The Delta Society, based in Bellevue, Wash., has around 10,000 registered therapy animals, mostly dogs, and a serious commitment to AAT: The organization helps health care professionals and facilities set up AAT programs. “We have the tools and resources to guide them,” said Turnbull. However, the society does not track the number of institutions running such programs, and Turnbull is unaware of any such central registry charting the rise of AAT.

Nowhere are those tools being applied to greater effect than at the Inova Fairfax Hospital campus, in Virginia, where registered nurse Leslie Horton works almost full time as the animal-assisted care coordinator.

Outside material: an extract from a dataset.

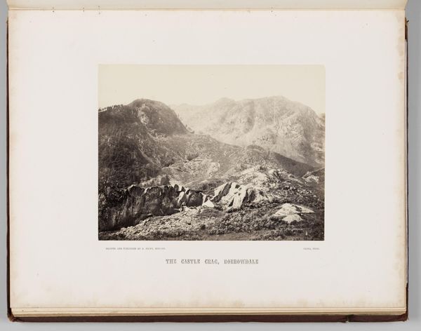 Curator: Francis Bedford's "Coast View, Ilfracombe, North Devon" is a fascinating example of early landscape photography. The stark contrasts immediately strike me. It feels like a Romantic-era painting, but rendered in shades of gray. Editor: Curator: Indeed. The image is mounted, small, and intimate, yet evokes a vast, rugged landscape. Bedford was a commercial photographer. How might the economics of photography shape this representation of the British coastline? Curator: I see a symbolic layering. The jagged rocks in the foreground speak of nature's power, a visual language common in landscape art, while the softening mist hints at the sublime. Editor: Perhaps the ruggedness catered to a specific consumer interested in the picturesque, a market Bedford was clearly catering to. It's a packaged vision of nature as a commodity. Curator: Perhaps. Ultimately, it is a powerful visual record, full of enduring symbols. Editor: Yes, a record shaped by its time, production, and intended audience. Food for thought.

The program, started in late 2001, has enjoyed remarkable results. About 20 dogs have become an integral part of critical care, providing comfort to trauma and stroke victims, heart, lung and bone marrow transplant patients, those dying of cancer and others.

After 26 years working in intensive care, Horton knows all about the different levels of comas and patient responses. “The animal does stimulate something within them that helps them wake up,” she said.

This doesn’t happen in every case, but Horton says each month about five or six patients respond with increased levels of consciousness. “It’s amazing to see the change in them.”

The AAT program is carefully measured, and the results are being compiled in a report due out later this year. Horton hopes it will demonstrate both improved patient outcomes and financial benefits for the hospital.

There is some resistance from the medical profession, she said, based primarily on fears of infection, especially the spread of antibiotic-resistant organisms that could put patients and the wider public at risk.

She calls this an “appropriate concern” but says such risks can be minimized by following guidelines from the federal Centers for Disease Control, Delta and the Association for Professionals in Infection Control and Epidemiology, Inc. Horton says after “at least 12,000 visits,” Inova’s program has no known cases of crossover infection.

Some resistance is also founded on fears of dogs biting or otherwise injuring patients, and the belief that the use of animals in therapy may not always be culturally or otherwise appropriate for certain patients.

Horton says these fears can be allayed by using well-trained animals that are good-tempered and enjoy working with people, educating the handlers and screening patients to make sure they want this type of contact.

She hopes the public — and doctors — will become more aware of what AAT has to offer and make more use of the service. “AAT is one of the tools we have, just like medicines, X-rays and physical therapy.”